On one hand, there is my chemistry.  I became interested in it in my junior year of high school, after finding I had a knack for understanding it's basic principles. While now I realize I'm average at best in chemistry, I still love it and I want to continue studying it in order to find a fulfilling career that helps people, be it at a pharmaceutical company or some other industry job.  I've learned several things in my time in undergraduate studies in chemistry: 1) I do not like organic, no matter how much my adviser encourages it 2) to get a good career in chemistry, you have to have a masters or Ph.D. and 3) I'm in love with chemical interactions that occur in the body.  I'm sure as this blog progresses, you will learn about my time applying to graduate schools, since I'm a senior, and that is my main plan straight out of college.

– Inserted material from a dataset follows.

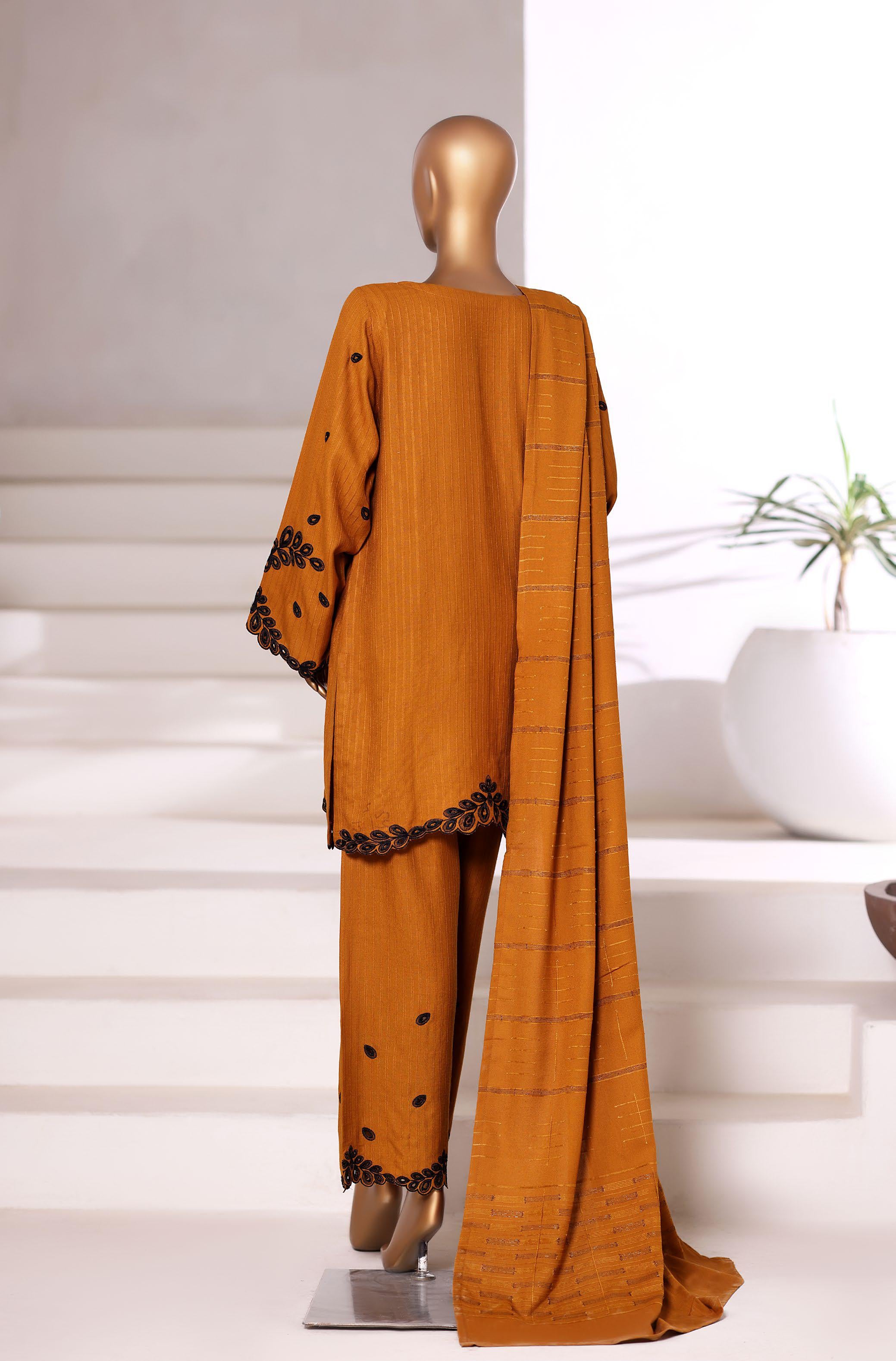 Fabric Details Stitched Embroidered Dhanak Shirt with Dhanak Shawl & Matching Embroidered Stitched Trouser

And on the other hand, I'm obsessed with everything art.  I've drawn all my life, I dance and I've played the violin.  I love looking at art and being involved in it.  It's something I hold dear, just as much as chemistry, but because it will never be my career, it often sits on the back-burner.  I'm fortunate to find time to participate in ballroom dance and draw almost every week.  But I haven't picked up my violin in several years, except to tune it and play short tunes.  My drawing style is manga illustration.  While I mostly do fanart, I do have quite a few original characters involved in an original story tentatively dubbed "Omega" and I wish to get the comic off the ground soon.  I'm also trying to change my style to something less manga-like, with realistic eyes and noses and lips.  When I took a drawing class in college, I adored doing figure work, I even took the time to go to free figure drawing sessions on some evenings just because they were offered for free.  In keeping art a hobby, I hope I will be able to expand my appreciation for it as well as continue learning at my own pace and not feel obligated to change at the rate I'm sure most artists do.

So sometimes, I am the best of both worlds, however, I have a feeling this year chemistry will take over and in graduate school it shall reign supreme.  I will try to keep my art appreciation and love alive despite that.  I hope that this blog can display both of those worlds.  I love sharing interesting things in both art and chemistry.  And I hope you will continue to follow me here on my journey through life.